Throughout her time as Lamont’s choral director, Sailer has deepened her roots in the Denver music scene and around the world. She currently serves as the associate conductor of the Colorado Ballet, conductor of the Evans Choir, and has made appearances conducting world-renowned ensembles from the New York Philharmonic to the Beijing Symphony. Sailer has also collaborated with popular artists Chance the Rapper and Josh Groban.
Success in a Male-Dominated Field
However, Sailer’s work is not all about prizes and titles – rather, the sheer passion and drive she holds for making music is more than enough to inspire her and her students. This commitment to her craft is also a direct product of growing up in Colorado; as a child, Sailer often attended the Colorado Symphony where trailblazing female conductor Marin Alsop stood on the podium. Seeing Alsop commanding an orchestra served as the unconsciously empowering example that Sailer needed to become a strong conductor herself. Later in her professional career, Sailer was able to work with Alsop at the Cabrillo Festival of Contemporary Music in Santa Cruz, CA..
“I’m so grateful for that example that she had because [conducting as a female] didn’t feel so strange,” said Sailer. “You don’t have to have a zillion people out there that do exactly what you do. Sometimes just seeing one person doing something is a real encouragement.”
After Sailer began her career, she realized she would often be the only female conductor in the room. Though she laughs when she claims that all advanced female conductors can count each other by name, she has experienced significant hardship and discrimination in her field.

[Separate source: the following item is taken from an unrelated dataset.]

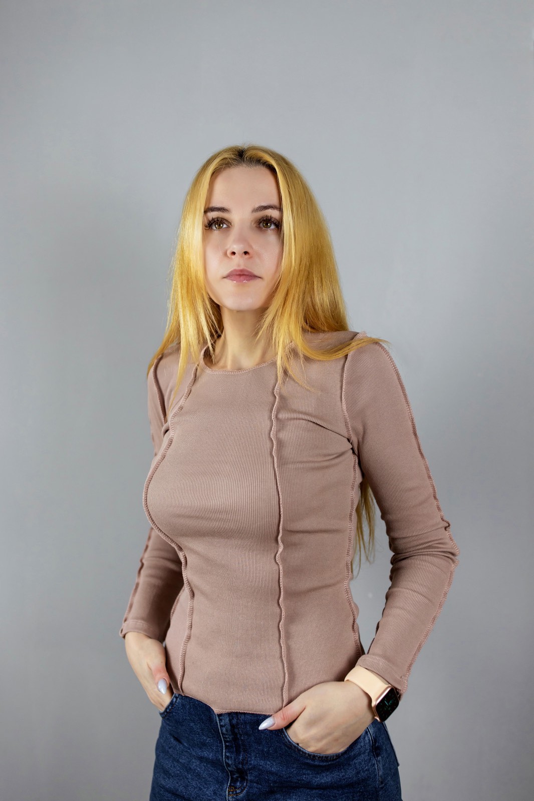 Жіноча кофта зі швами на виворіт, тканина рубчик . У кольорах : синій , беж . Приталений крій.

However, Sailer views this as a reminder to be a genuine example for others.
“I think there’s always this constant balance of trying to be authentically who you are, because you can’t be a good music maker if you're not being authentic,” said Sailer. “This is who I am, and I’m going to be authentic about that. I’m not going to try to pretend I’m a man.”
Staying with Her Students and Her Roots
Anyone who spends 20 minutes observing one of Sailer’s choral rehearsals can palpably feel this authenticity and the love her students have for her. In between run-throughs of modern choral pieces and Renaissance chamber music, Sailer playfully banters with her students and ensures she is giving eager students the opportunity to conduct and receive podium time.
While Sailer has traveled around the world and worked with musical legends, she will always return to her program at Lamont, the exact place that first inspired her to be a choral conductor. Perhaps Sailer summed it up perfectly on the other end of a Zoom interview, sparkling with bliss: “There’s nothing like those singers...those are my people.”